Figure-1 indicates a total number of 146 elderly with chronic neuropathic pain among whom 29 (19.86%) were normal, 20 (13.6%) had mild depression, 58 (39.7%) had moderate depression and 39 (26.7%) suffered from severe depression. Whereas there were 125 elderly with chronic non-neuropathic pain, among them 42 are normal, 17 had mild depression, 41 had moderate and 25 suffered severe depression. Out of 271 participants 66 (24.4%) were normal, 38 (14%) had mild anxiety, 106 (39.1%) faced moderate anxiety and 60 (22.1%) were suffering from severe form of anxiety. Only one participant was suffering from extreme anxiety. A study done by Kate et al showed significant correlation between anxiety and chronic pain (P=0.048). The study showed high level of anxiety-related traits were present in patients with chronic pain. On the other hand, the same chronic pain patients had a high correlation with depression as well.11 Regarding stress, out of total 271 participants 43 (15.9%) did not have any kind of stress, 31 (11.4%) participants had mild stress, 125 (46.1%) had moderate stress and 71 (26.2%) subjects were suffering from severe form of stress. Only one participant was suffering from extreme stress. The frequency of depression among the elderly with chronic neuropathic pain was 80.1%, which indicated that 117 subjects out of a total 146 elderly with chronic neuropathic pain were having depression. The frequency of depression among those elderly with chronic nonneuropathic pain was 66.4%, which means that 83 subjects out of total 125 elderly were with nonneuropathic pain. The statistics showed strong association of chronic neuropathic pain with stress as (P=.001). There were 146 elderlies with chronic NP, among them 11 were normal, 18 had mild stress, 75 were with moderate stress, 42 were suffering from severe form of stress. On the other hand, among 125 elderlies with chronic non-neuropathic pain, 32 were normal, 13 were having mild stress, 50 were having moderate stress and 29 were suffering from severe stress.
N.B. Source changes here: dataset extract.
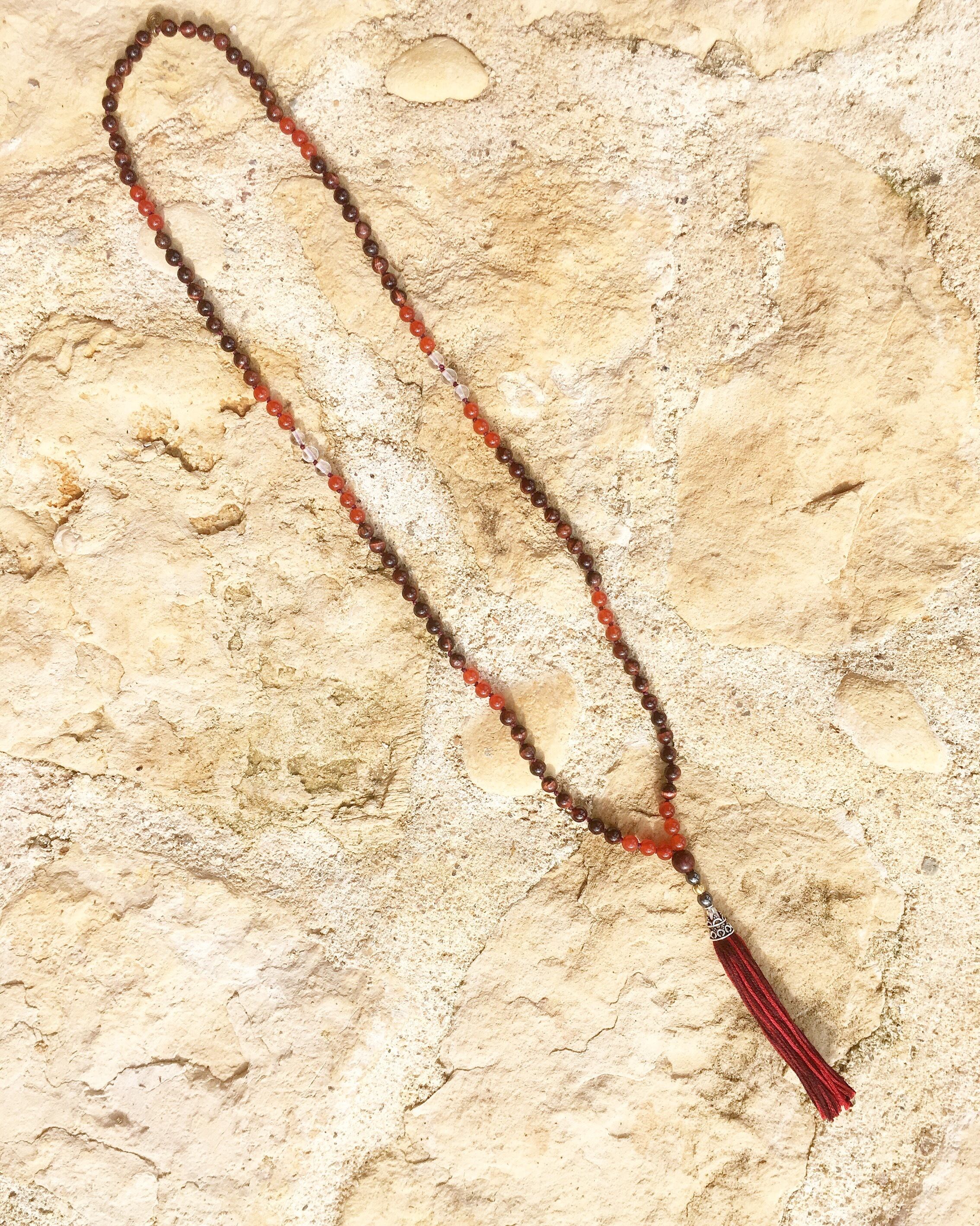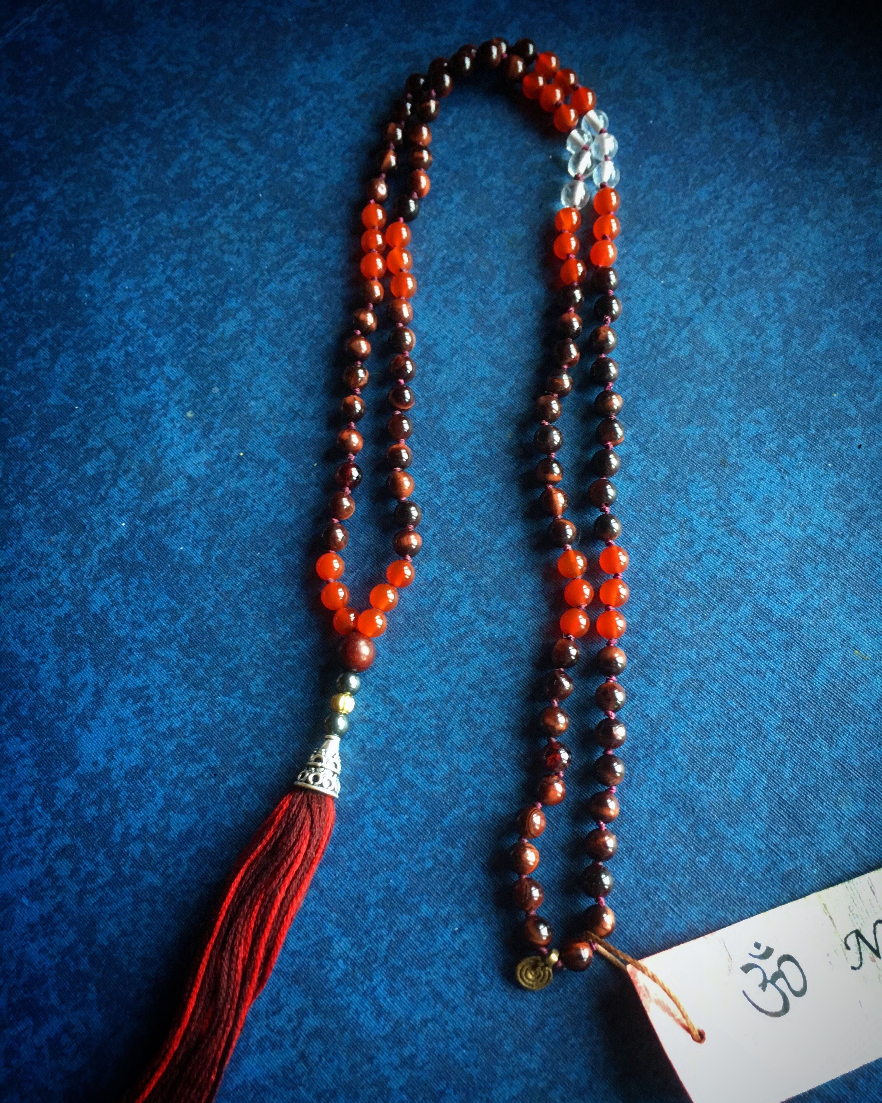 Red Tiger Eye, Red Onix, Crstal Quartz, Hematite, Red Sandal Wood, Brass Beads, 925Silver, Cotton, Wax Cord
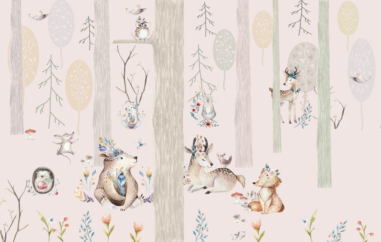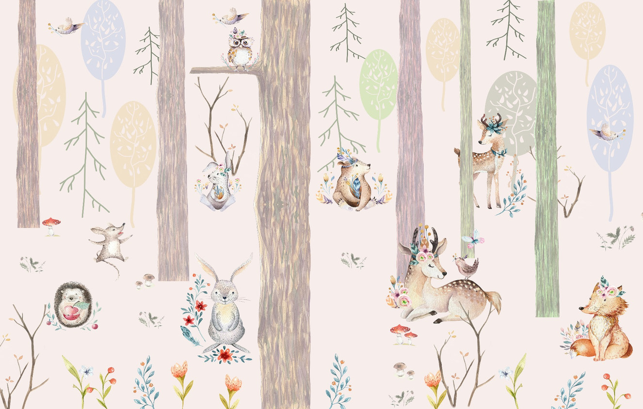 Discover our nursery wallpaper featuring cartoon-style rabbits, foxes, pandas, and squirrels, adding cuteness to the extreme. It refreshes the little ones and sparks curiosity about the four-legged furry friends.

Only one of the elderlies with chronic non neuropathic pain was suffering from a very severe form of stress.
Conclusion
Majority of the elderly participants exhibited symptoms of chronic neuropathic pain, which was found to be more prevalent among females than males. Moreover, it was found to be significantly associated with anxiety and stress. It is suggested strategies be develop to reduce the occurrence of chronic neuropathic pain in order to enhance the quality of life among the elderly. Further detailed research is needed to explore other contributing factors to assess the magnitude of the problem. Incorporating assessment of different biomarkers can also give us the indepth results to draw stronger conclusions and enhance generalizability.
Disclaimer: None to declare.
Conflict of Interest: No conflict of interest among authors.
Funding Disclsure: Nothing to declare.